“Some people have a way with words, and other people, uh, not have way.” – Steve Martin
The scariest part of moving to a new country is learning a new language. You step off the plane and into a new land with illegible signs, strange customs, and unfamiliar culture. Which way do I go? Whom do I ask for help? Where do I even start?
The strange world of AI/ML is terra incognita for most of us. We’ve heard rumors of its vast richness and unlimited opportunity. It certainly sounds exciting, for those willing to take the plunge. But how do you navigate its unfamiliar territory without a local guide or even a phrasebook to get you started?
Fortunately, the ML-on-IoT landscape is populated by friendly natives willing to lend a hand. They want you to succeed, and they’re willing to donate their time to make the transition as easy as possible. Maybe, one day, you’ll become a productive member of their society. Which means you might also become a paying customer.
Say hello (or Grüß Gott, ¡Hola!, Χαίρετε, xin chào, or こんにちは) to TensAI Flow and Glow, two new programming tools from Eta Compute and NXP, respectively. Although they’re as different as Swedish and Swahili, both exist for the same purpose: to get you conversant with machine-learning coding as painlessly as possible.
Eta Compute, you’ll recall, is the company that produces the ECM3532 microcontroller chip, a two-headed MCU-with-DSP created especially for low-power inference at the edge. The company is convinced that uploading sensor data to a cloud server is the wrong way to do things and has dedicated its hardware and software efforts to overturning that usage model. Chips should be smart enough to collect and analyze sensor data without outside help and without draining your batteries or bank account.
Making the hardware was tough enough, but making it easy to program may have been even tougher. TensAI Flow is the company’s new software toolchain to ease the burden. It takes high-level models created or collected by TensorFlow Lite, Edge Impulse, or ONNX, links them with its neural network zoo, and converts them to ECM35xx binaries. The software bundle also comes with libraries for common functions like image classification, motion detection, and sound processing, as well as drivers for popular sensors. TensAI Flow handles the nontrivial task of dividing up the workload between the chip’s ARM processor and its DSP companion. Finally, it produces runtime executables for FreeRTOS, the lightweight scheduler.

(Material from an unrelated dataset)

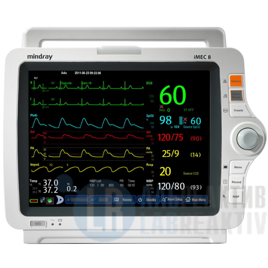 Mindray iMec 8 — современный монитор пациента, ставший по праву называться стандартом качества в своей среде. Обладает небольшими габаритами, что позволяет врачам свободно транспортировать его. Дисплей составляет 8 дюймов, что вполне достаточно для отображения всех необходимых параметров. Потребляет достаточно низкое количество энергии по сравнению со своими конкурентами на рынке оборудования.

TensAI Flow can’t train your neural network for you, but it significantly eases the task of getting that model onto real hardware. That’s a boon for pioneers in this largely unexplored world of ML-on-IoT programming. It provides a quick reality check for new projects, and it’s a quick-turnaround tool for iterating once you get further along. And it’s free. Some parts of the TensAI Flow package are open-sourced, but most is Eta Compute’s original work, freely licensed as long as it’s for Eta Compute hardware.
Over on the other side of the world, chip behemoth NXP is also polishing up its ML credentials with the release of its Glow compiler for microcontrollers. Glow is a machine-learning compiler originally created at Facebook but now open-sourced and gaining industry support. Like any compiler, it’s language-specific but hardware-agnostic. A generic out-of-the-box Glow compiler will produce acceptable results (like gcc) but nothing to write home about.
That’s where NXP comes in. The company has optimized its Glow compiler for its own line of i.MX RT microcontrollers, which – just like those at Eta Compute – are based on an ARM Cortex-M paired with a DSP core. (Weirdly, NXP doesn’t use its own CoolFlux DSP, opting instead for Tensilica’s HiFi 4 design.) The compiler accepts PyTorch, ONNX, or TensorFlow Lite input, should you decide to go that route. NXP’s Glow implementation includes CMSIS-NN libraries and other chip-specific tweaks to get the best out of your models.
It certainly seems to work. In NXP’s benchmarks, the company showed a 2× improvement in performance just by linking in the CMSIS-NN library, and a huge 13× improvement when the compiler targets the on-chip DSP. Let’s hear it for hardware/software optimization.
As NXP’s Director of Enabling Technologies, Markus Levy, points out, ML code is just middleware — it’s never the entire application, so performance gains mean more headroom for your “real” code. Your ML algorithms may hold your most valuable and hard-won IP, but they’re not what the customer sees. A big jump in compiler efficiency is like getting free CPU cycles to spend elsewhere.
NXP and Eta Compute are both betting big on high-volume ML hardware, and both know that accessible software is the way to move chips. Maybe their new tools can bridge the language barrier and get more developers talking.